Theft / Property Crimes
In cases involving theft, loss, destruction or damage to property, the case can be resolved with a Civil Compromise–if the victim and the Court will agree. A Civil Compromise is a written agreement, prepared by a lawyer. In exchange for you, say, paying for damages, the injured party agrees to dismiss the case.

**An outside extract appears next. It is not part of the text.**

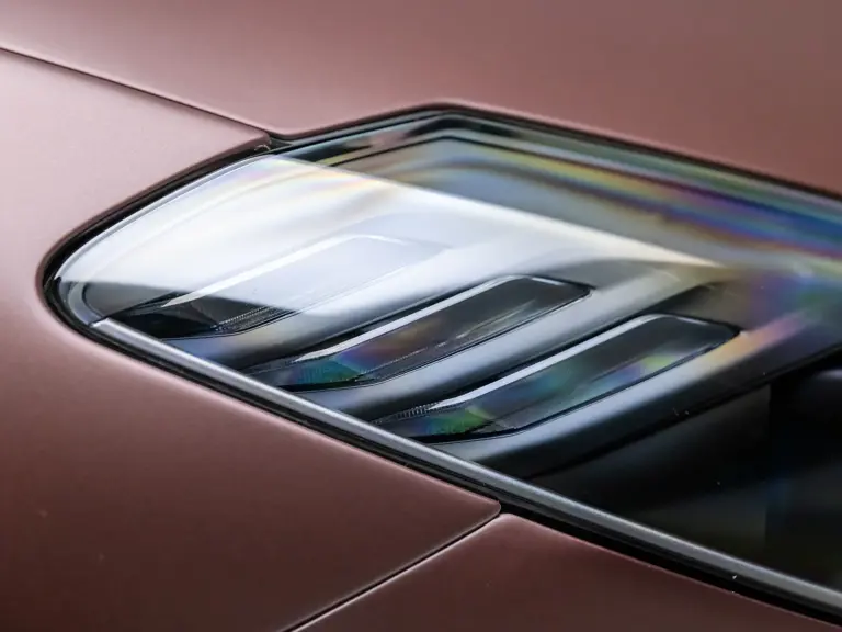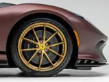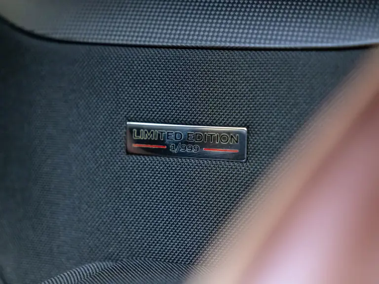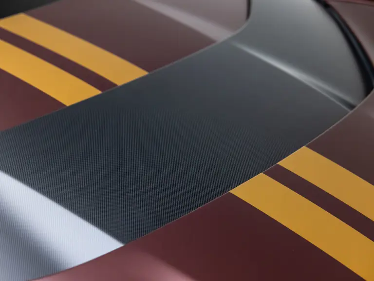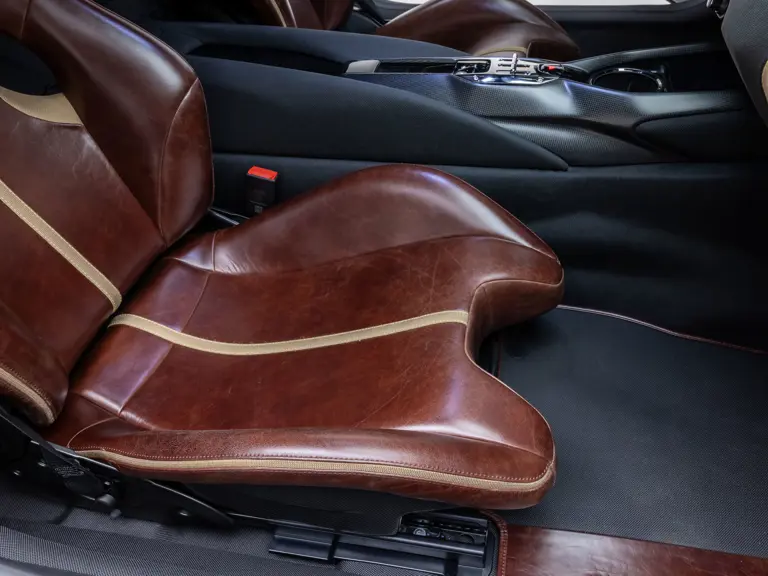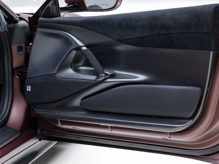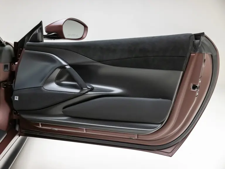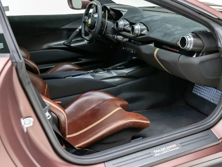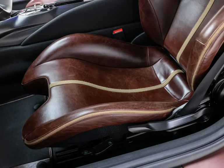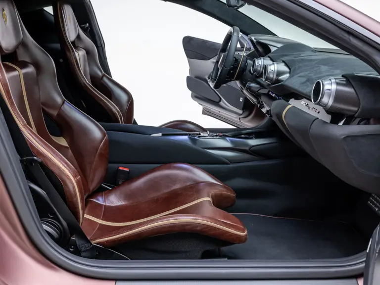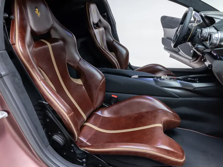 - Striking extra-range Prugna Opaco exterior with Oro Opaco stripes over Poltrona Frau Heritage Castagno leather and Nero Alcantara interior
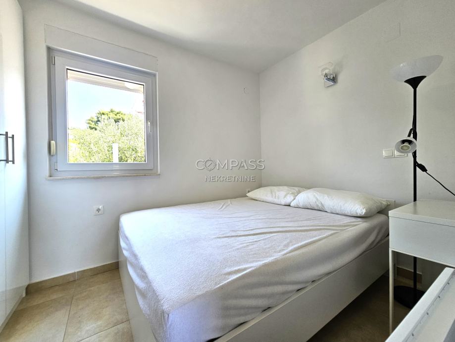 Pośredniczymy w wynajmie pięknego apartamentu z widokiem na morze, położonego w budynku mieszkalnym na Čiovie, w dzielnicy Saldun. Mieszkanie składa się z przedpokoju, łazienki, dwóch sypialni oraz otwartej przestrzeni dziennej z kuchnią, jadalnią i salonem z wyjściem na przestronny balkon z widokiem na otwarte morze. Do mieszkania przynależy zewnętrzne miejsce parkingowe. Apartament jest wynajmowany w pełni umeblowany i wyposażony, idealny dla singli lub par pracujących z domu. W pobliżu znajdują się piękne plaże, natomiast do sklepów potrzebny jest samochód. W celu uzyskania dodatkowych informacji prosimy o kontakt z Leana pod numerem +385 95 362 5191 lub info@compass.hr

Not all property cases are subject to a Civil Compromise, however. Other traditional approaches are used–trial, challenging the admissibility of evidence or negotiated settlement. Some counties also have programs that can result in a dismissal or reduction in the severity of the charge. In Multnomah County, for example, many minor property crimes can be handled by doing community service and then the case is dismissed or terminated with a sentence of discharge on successful completion of the program. If a property crime is dismissed, it is often eligible for expungement too, depending on your record.
Prior Convictions and Property Crimes
If you’re a repeat property crime offender and charged with a felony property crime, you may be subject to presumptive sentences of 18+ months in prison, depending on your criminal history for violating the Repeat Property Offender law (REPO). There are ways out of REPO’s mandatory minimums. Under certain circumstances, the court can depart from prison to a probationary sentence, even with a bad criminal history.
Property Crimes Subject to REPO
Aggravated Theft I, Burglary I & II, Computer crime, Criminal mischief I, Criminal possession of a forged instrument I & II; Forgery I & II, Fraudulent use of a credit card, Mail theft/receipt of stolen mail, Possession of a stolen vehicle (PSV); Robbery III, Theft I & II, Unauthorized use of a motor vehicle (UUMV), Trafficking Stolen Vehicle.